La oferta de Al-Khaleej por Adama Niane se escuchó y se devolvió el mismo día. Las primeras ofertas rara vez pretenden triunfar; pretenden averiguar con qué fuerza se cierra la puerta.
«No tengo nada malo que decir de este sitio. Simplemente necesito estar en otro.» Ya está por escrito, y eso cambia lo que Najran pueden fingir no haber oído.
No fue por fútbol, y todos los que lo vieron lo saben. Dos hombres que el sábado tienen que jugar juntos se dijeron esta semana en el Najran cosas que tardan más de una semana en retirarse.
Ni ahora, ni a ningún precio que el club estuviera dispuesto a decir en voz alta. Al-Ahli conserva a su hombre, y Najran vuelve a una lista con un nombre tachado.
11 días desde que quedó libre el banquillo, una lista de nombres circulando y nadie ha firmado nada. Cada semana que esto se alarga, la lista se acorta.
La cantera existe exactamente para esta mañana. Hassan Al-Shehri ha pasado por todas las categorías del club y ya tiene dorsal del primer equipo; los más orgullosos del edificio serán quienes lo entrenaron con doce años.
No hay traspaso, ni presentación, ni agente en la escalinata. Sultan Al-Khaibari lleva en este club desde niño y ahora forma parte, formalmente, del primer equipo, lo que para un lector local supera a cualquier fichaje del tamaño que sea.
«No es un enfado. Llevo meses pensándolo, y nada de lo último me ha hecho cambiar de idea». La solicitud está sobre una mesa de Deportivo La Coruña, y no se va a retirar.
No es una racha: es un salto real, sostenido durante meses.

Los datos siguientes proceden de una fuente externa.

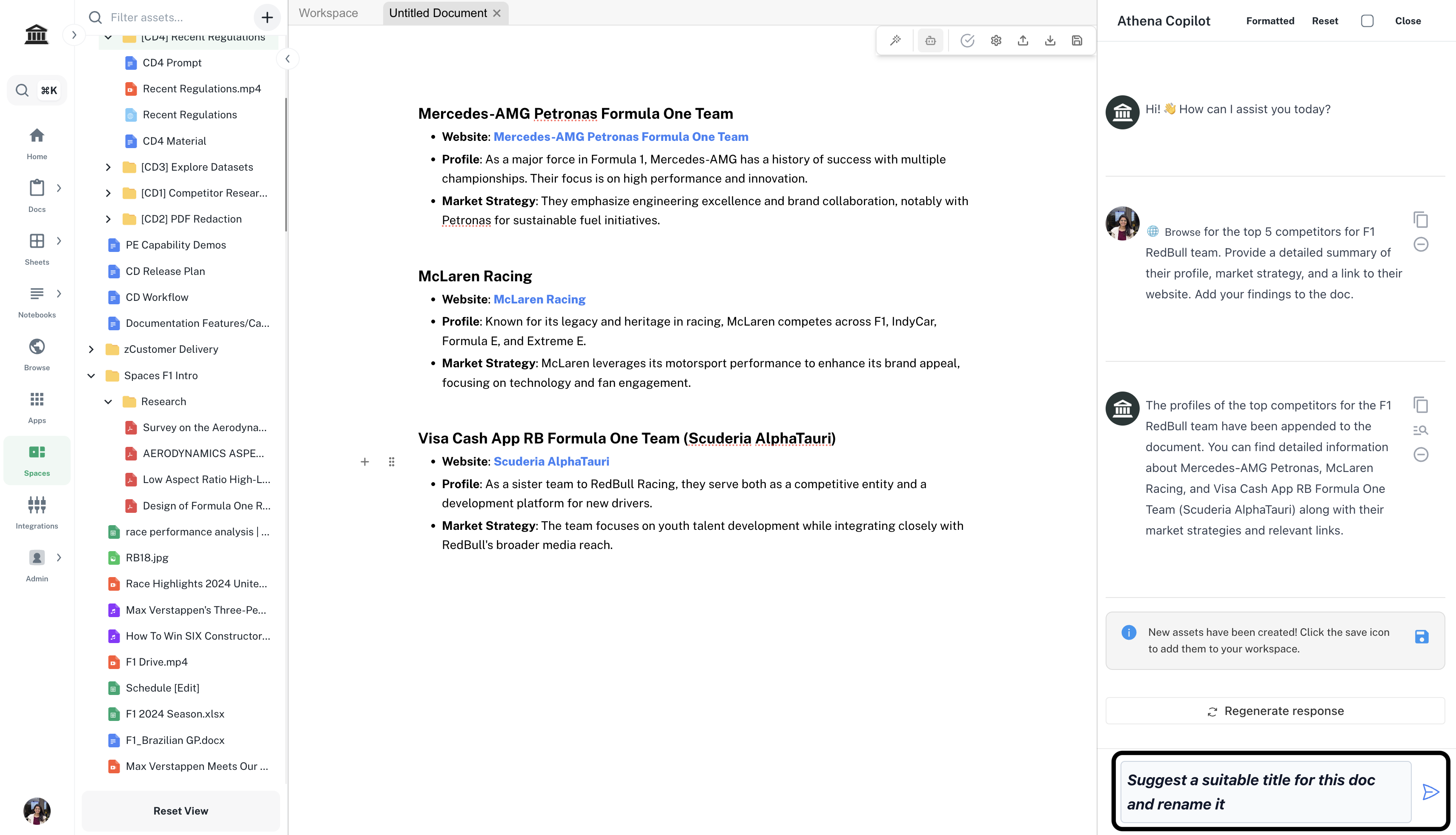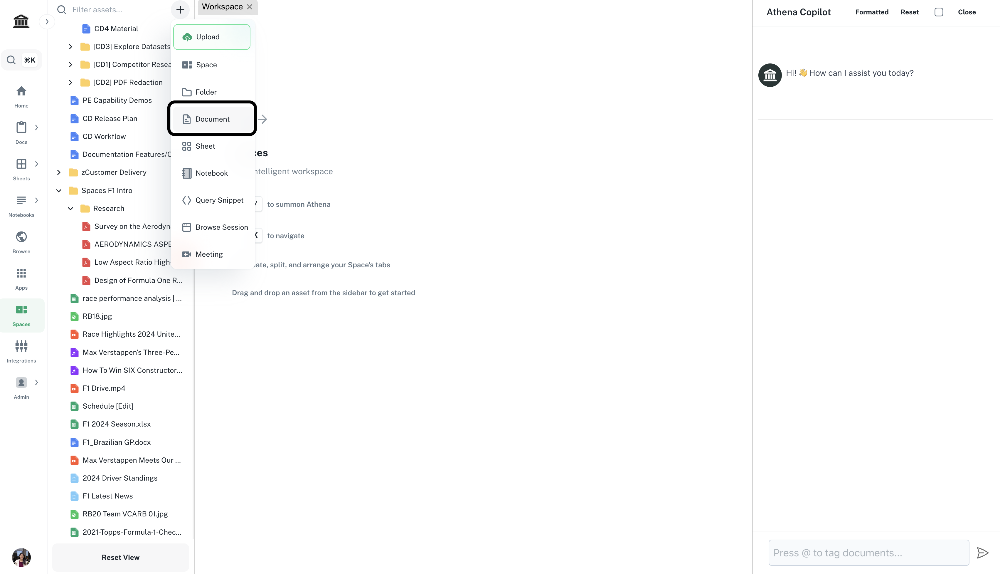 Navigate to Spaces. Click on ’+’ -> Document from the top-right corner of the assets menu.

Con 22 años hace a este nivel cosas que no hacía al empezar la temporada, y el cuerpo técnico le dirá exactamente cuáles.

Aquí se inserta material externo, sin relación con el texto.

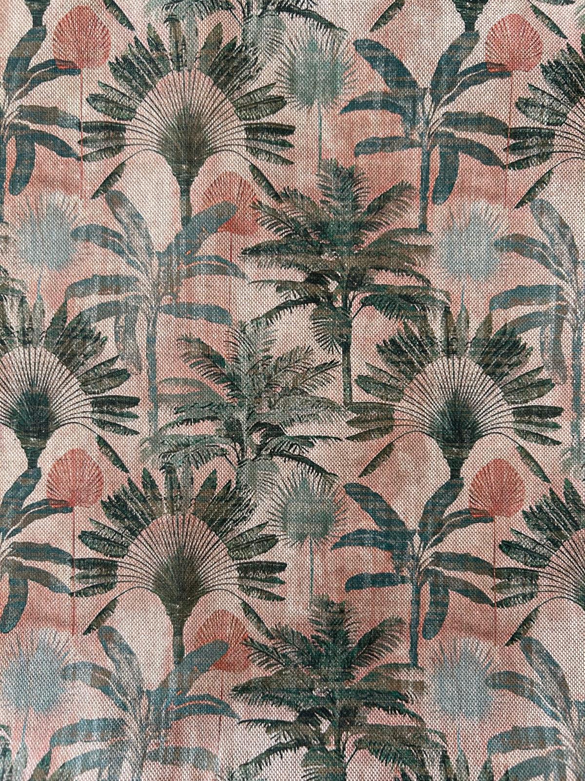 Tela resinada salmón palmeras verdes
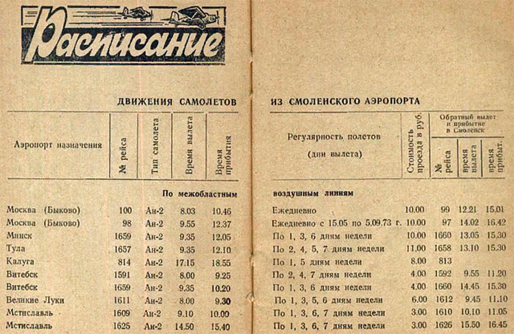 Hier ähnliche Werte mit einem Beispiel, von Smolensk nach Mstislawel, Distanz etwa 80 km. 50 Minuten Flug mit An-2, Preis 3 Rubel. Das waren so glaube ich etwa 10 DDR-Mark gewesen.

Alguien dijo en voz alta lo que varios pensaban. José Giménez está en el centro, y la plantilla averiguará ahora si el listón sube o si los dos simplemente dejan de hablarse.
La oferta de Baranovichi por Facundo Di Sibio se escuchó y se devolvió el mismo día. Las primeras ofertas rara vez pretenden triunfar; pretenden averiguar con qué fuerza se cierra la puerta.
La discusión más vieja de cualquier vestuario y la única que va de verdad sobre fútbol: uno cree que el otro no pone lo suficiente. También es la bronca que a un entrenador, en privado, no le disgusta que haya ocurrido.
Santiago Gallucci Otero y un compañero se enzarzaron, y no por fútbol. Las ciudades deportivas son lugares pequeños, y una temporada larga los hace más pequeños todavía.
Regates completados: 15. Siempre había un defensa delante de él y nunca hubo un defensa delante de él mucho rato.
El banquillo07/09/2026
El veredicto del entrenador
«No me voy a venir arriba y tampoco dejaré que ellos lo hagan. Ha sido un buen día. Los habrá más difíciles». Gabriel Campos fue breve tras ganar 1‑0, que es lo que hacen los entrenadores cuando están contentos.